Question

A ball is thrown in the air from a ledge. Its height in feet is represented by

f(x) = –16(x2 – 6x – 7), where x is the number of seconds since the ball has been thrown. The height of the ball is 0 feet when it hits the ground.

How many seconds does it take the ball to reach the ground?

Answer 1

It takes the ball 7 seconds to reach the ground.

Answer 2

The time taken by the ball to reach the ground is 7 seconds.

Explanation:

Given : A ball is thrown in the air from a ledge. Its height in feet is represented by
`f(x) = -16(x^2-6x-7)`, where x is the number of seconds since the ball has been thrown.

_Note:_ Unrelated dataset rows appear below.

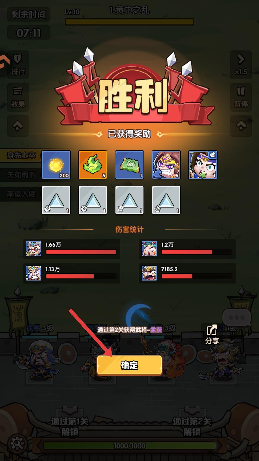 4、成功戰勝敵人后,會顯示勝利界面,獲得金幣、道具等獎勵,點擊【確定】,就能領取獎勵,結束該關卡并為后續挑戰做準備。
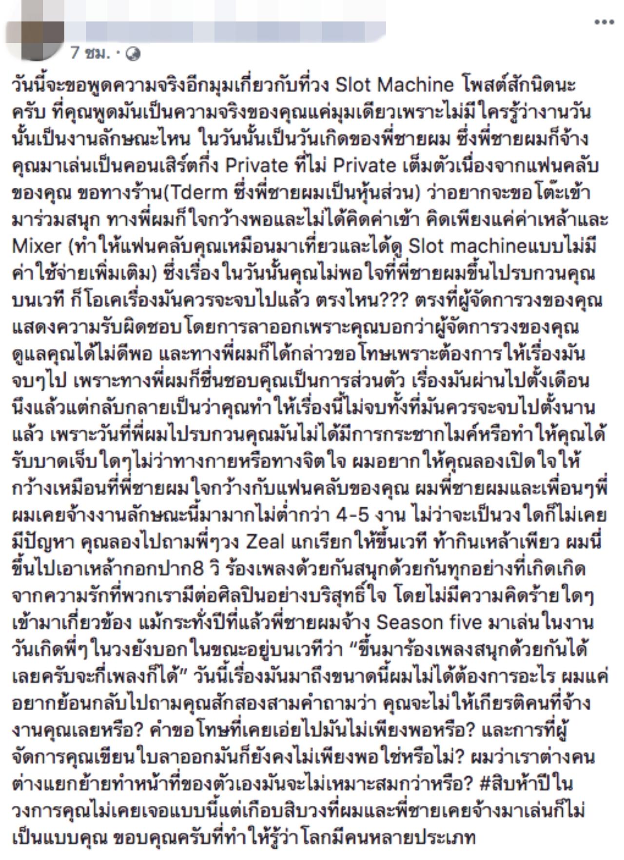 หลังจากที่ เฟิต ได้โพสต์คลิปนี้ออกไป ทางด้านของ คนที่อ้างว่าเป็นน้องชายของหุ้นส่วนร้าน ที่วง Slot Machine ไปเล่นคอนเสิร์ตก็ได้ขอชี้แจงอีกมุม โดยบอกว่า งานวันนั้นเป็นงานวันเกิดของพี่ชายตัวเอง ได้จ้างวง Slot Machine มาเล่นที่ร้านแบบกึ่งไพรเวต เพราะแฟนคลับได้ขอเข้ามาร่วมสนุกด้วย โดยที่ไม่เสียค่าเข้า
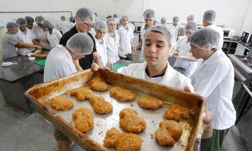 Oficina de produção de nuggets de tilápia encanta alunos da Escola Agrícola de Joinville
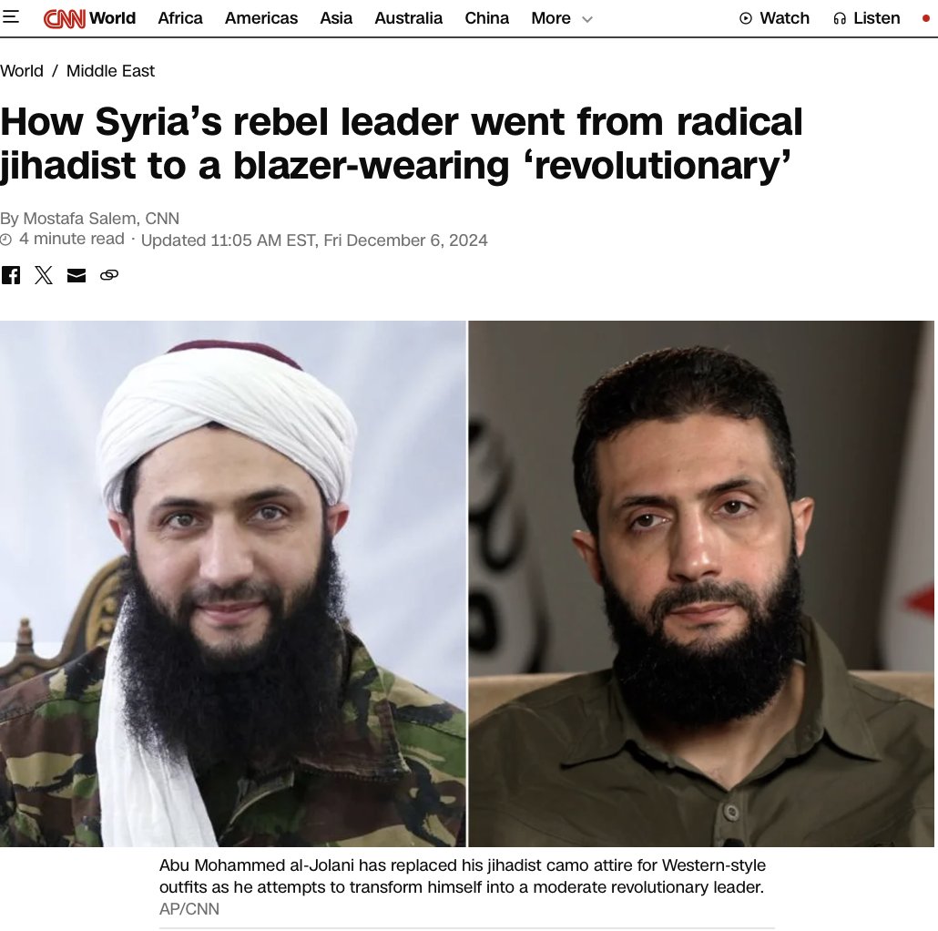 ignatius Posted December 10, 2024 Report Share Posted December 10, 2024 On 12/10/2024 at 1:52 AM, decibal cooper said: kind of wild that the US tried unsuccessfully to do regime change on Assad for years and then it happens in a 10 day period at the very end biden's presidential term. Israel has already seized land in Syria on their border, creating a 'temporary buffer zone.' I have been following news stories and it looks like the rebels did not even have to do any significant fighting to take those cities. This most likely means that the official Syrian army, the one backing Assad, just stood down. I wonder if there were talks leading up to this between the central players (Russia, Turkey, Israel, US). This absolutely a tactical victory for Israel and America, as it cuts off Iranian support to palestine via Lebanon through Syria. Russia has two military bases in Syria, wonder what will happen to those. It sucks that regular Syrian citizens seem to have to pay the price for all of these power games that are out of their control. The current defacto leader of Syria is Jolani, who was an ISIS soldier for 6 years. He leads an organization, HTS, that is an offshoot of al qaeda, the group that attacked America on 9/11. America has a 10 million bounty on this man: He apparently has changed his ways since 2017, though, and his days of hardhitting islamist terrorist activity is over. I just hope he is the man to bring democracy to Syria finally and also a pluralistic, multicultural society. Judging from Western coverage of the story, I think this is likely: CNN did an interview with him during the offensive: I am so glad that they clarified what his pronouns are. That's neat! Maybe we can finally get the islamist institutions we have all been waiting for, the ones that put a premium on lgbtq+ rights and inclusion. Not only is he progressive politically, but he is no stranger to the arts and is in fact an avant garde filmmaker (so cool!). He did a bunch of documentaries about beheading infidels. I have not seen them yet but I hear good things! Joking aside I hope that this somehow pans out in a positive direction for Syrians, but I am definitely skeptical. As bad as Assad was, there is a good chance that these guys will either be worse or that they will eventually be the ones attacking America and other western countries directly (and Europe is closer than America to them). It has happened before: Expand Thanks Haha Confused Sad Facepalm Burger Farnsworth Big Brain Like × Quote Hide ignatius's signature Hide all signatures Releases Sample LIbraries instagram Cascade Data Mastodon Reveal hidden contents "All I know about you is what a knock off Autechre lite artist you are, how many you put out?> same with your fucking mindset, vanilla...........goodnight." - arti Link to comment https://forum.watmm.com/topic/79352-syrias-assad-used-chemical-weapons-on-his-own-people/page/16/#findComment-2997058 Share on other sites More sharing options...
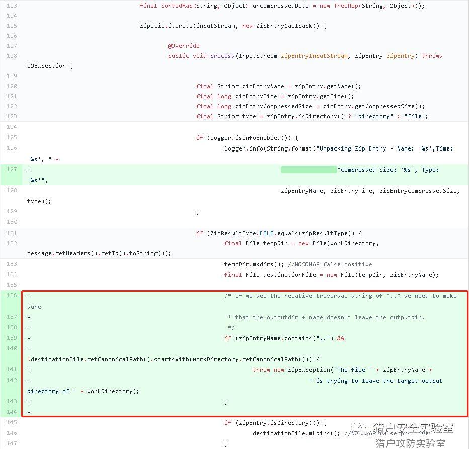 zip.v1.0.1.RELEASE在UnZipTransformer调用ZipUtil.iterate()时定义的回调中增加了一段对文件名称校验的代码片段(在5月11日凌晨更新的zip.v1.0.2.RELEASE版本中,对Byte[]类型的分支逻辑也增加了文件名称校验,并且删除了对名称中..的判断,直接校验名称是否以工作区目录开头)。
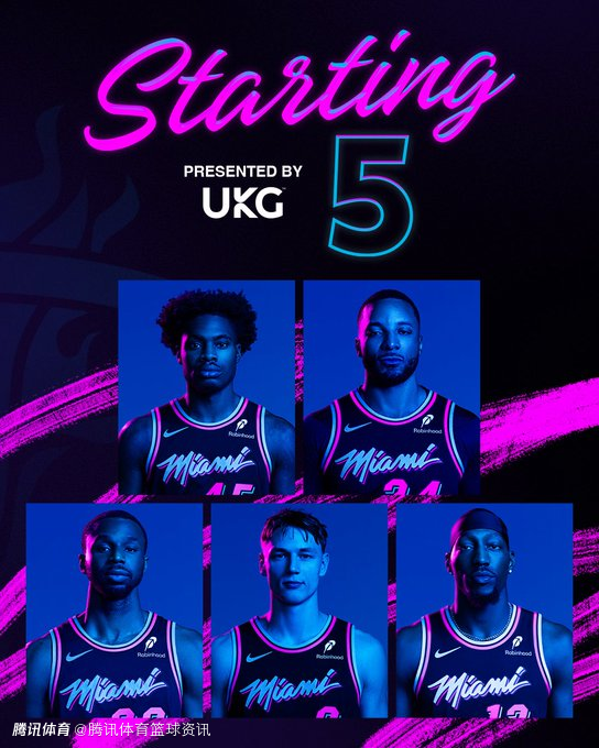 热火本场首发五人为:达维昂-米切尔、鲍威尔、拉松、维金斯、阿德巴约。
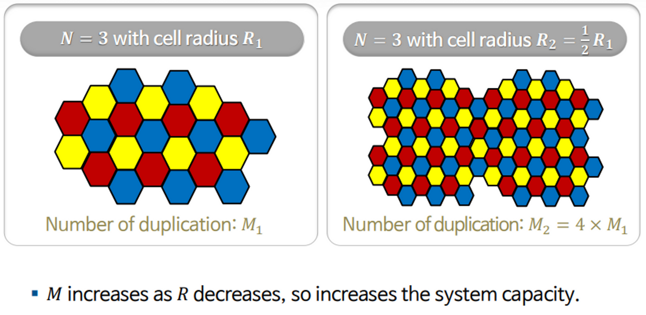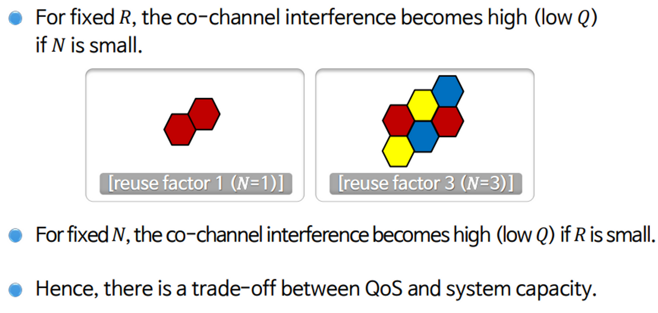 즉, $N$값을 작게 설정할수록 frequency reuse 횟수가 증가하여 Capacity도 증가한다. 하지만 $N$값이 작아질수록 같은 BW를 사용하는 cell간 거리가 가까워져 Co-channel interference가 증가한다.
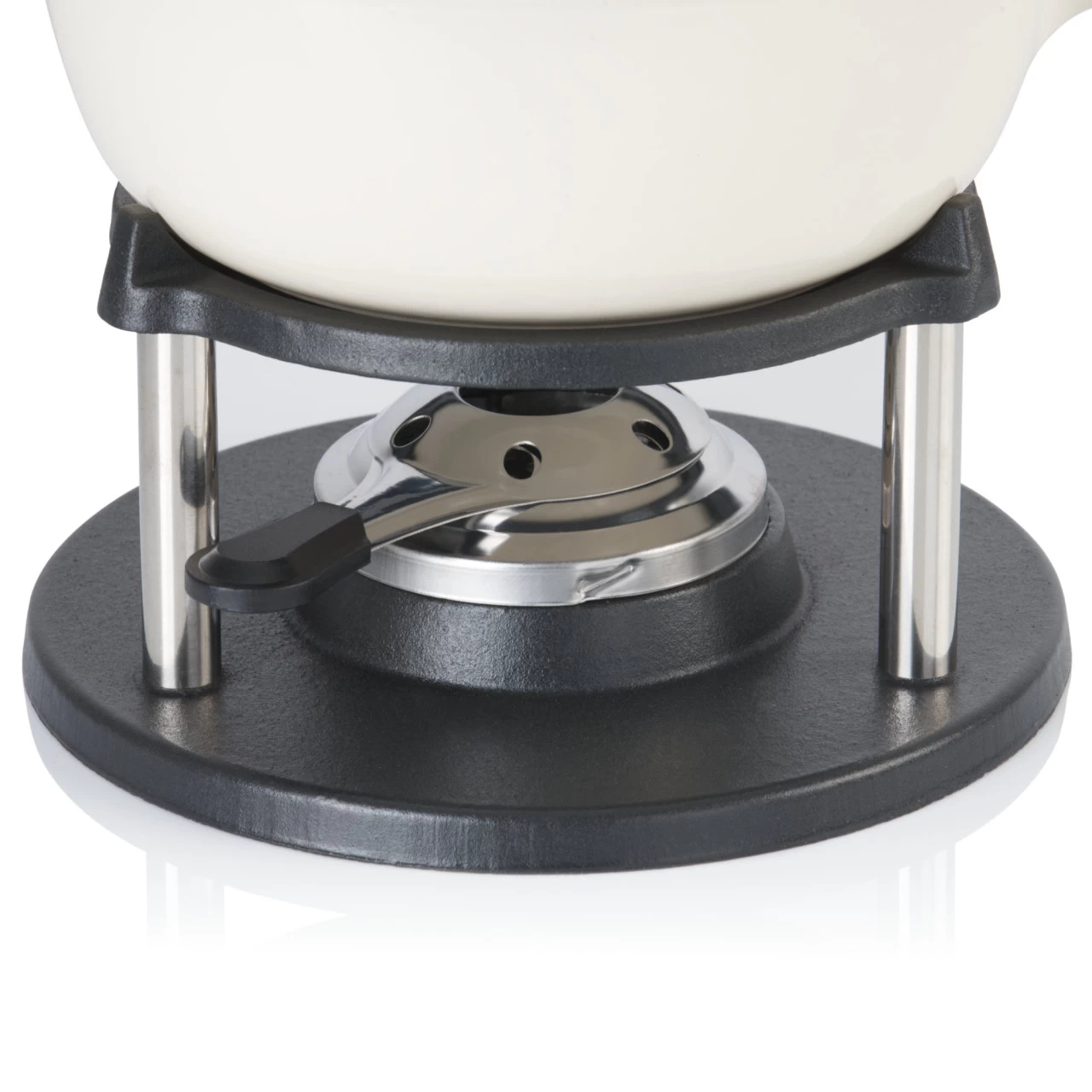 Das stabile Rechaud aus Gusseisen bietet sicheren Stand für den Topf und den optimalen Abstand zum Brenner. Der Brennpastenbehälter hat einen Flammenverteiler, um die Temperatur optimal zu regulieren sowie einen Deckel, um die Flamme sicher zu löschen.
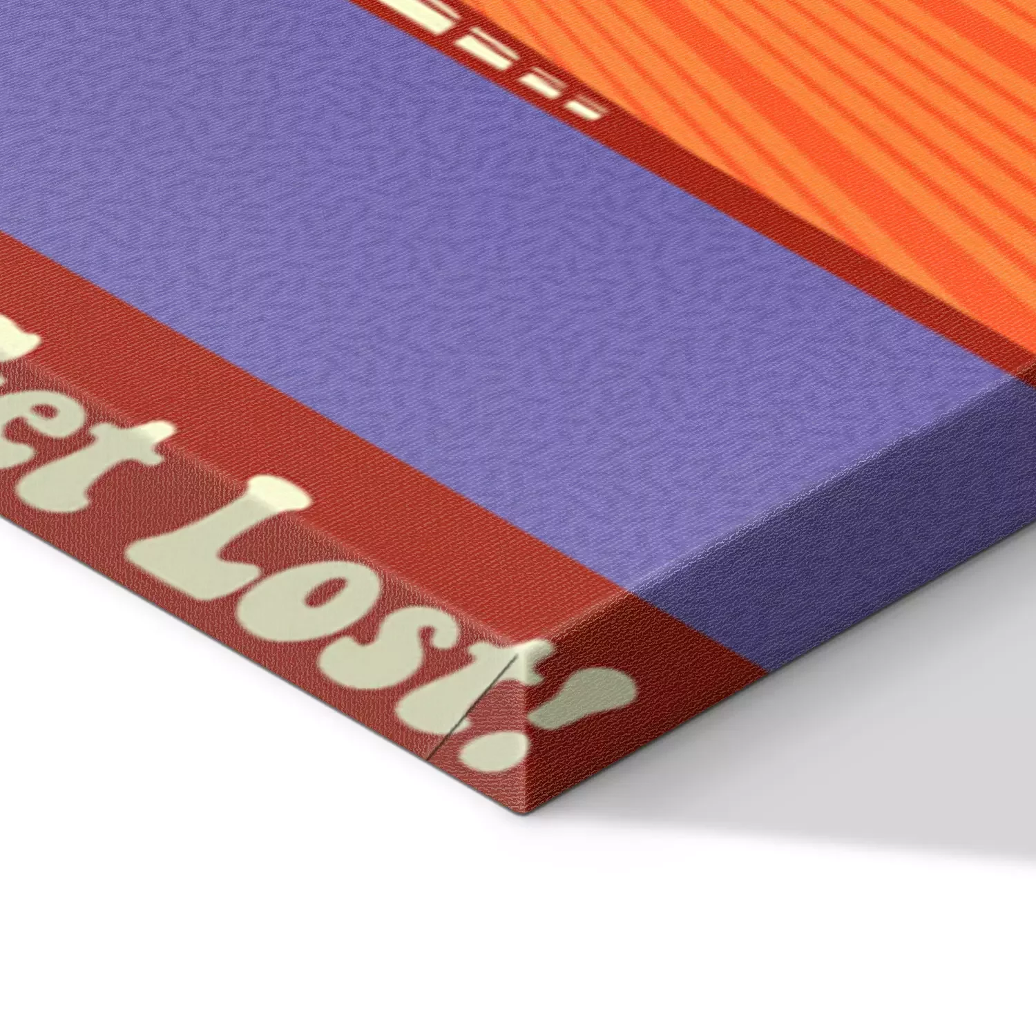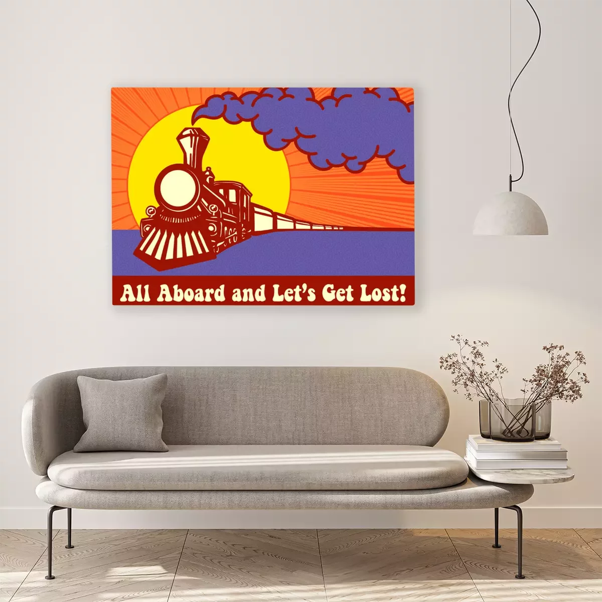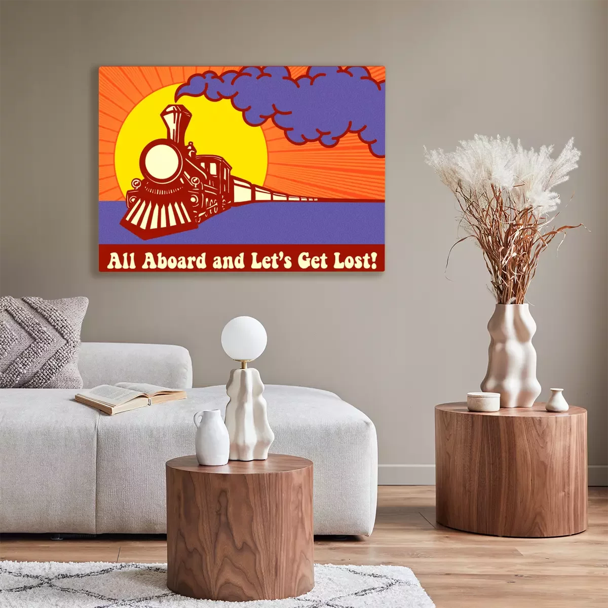Canvas: All aboard and let's get lost! Retro puffing steam train engine at sunset, express train

The height of the ball is 0 feet when it hits the ground.

To find : How many seconds does it take the ball to reach the ground?

Solution :

The function

`f(x) = -16(x^2-6x-7)` represent the height of the ball.

Where, x is the number of seconds.

We have given that the height of the ball is 0 feet when it hits the ground

and we to find the seconds does it take the ball to reach the ground.

i.e., we have to take f(x)=0 and find x.

`0= -16(x^2-6x-7)`

`x^2-6x-7=0`

Applying middle term split,

`x^2-7x+x-7=0`

`x(x-7)+1(x-7)=0`

`(x-7)(x+1)=0`

`x=7,-1`

x=-1 is rejected as time is not negative.

x=7 is accepted.

Therefore, The time taken by the ball to reach the ground is 7 seconds.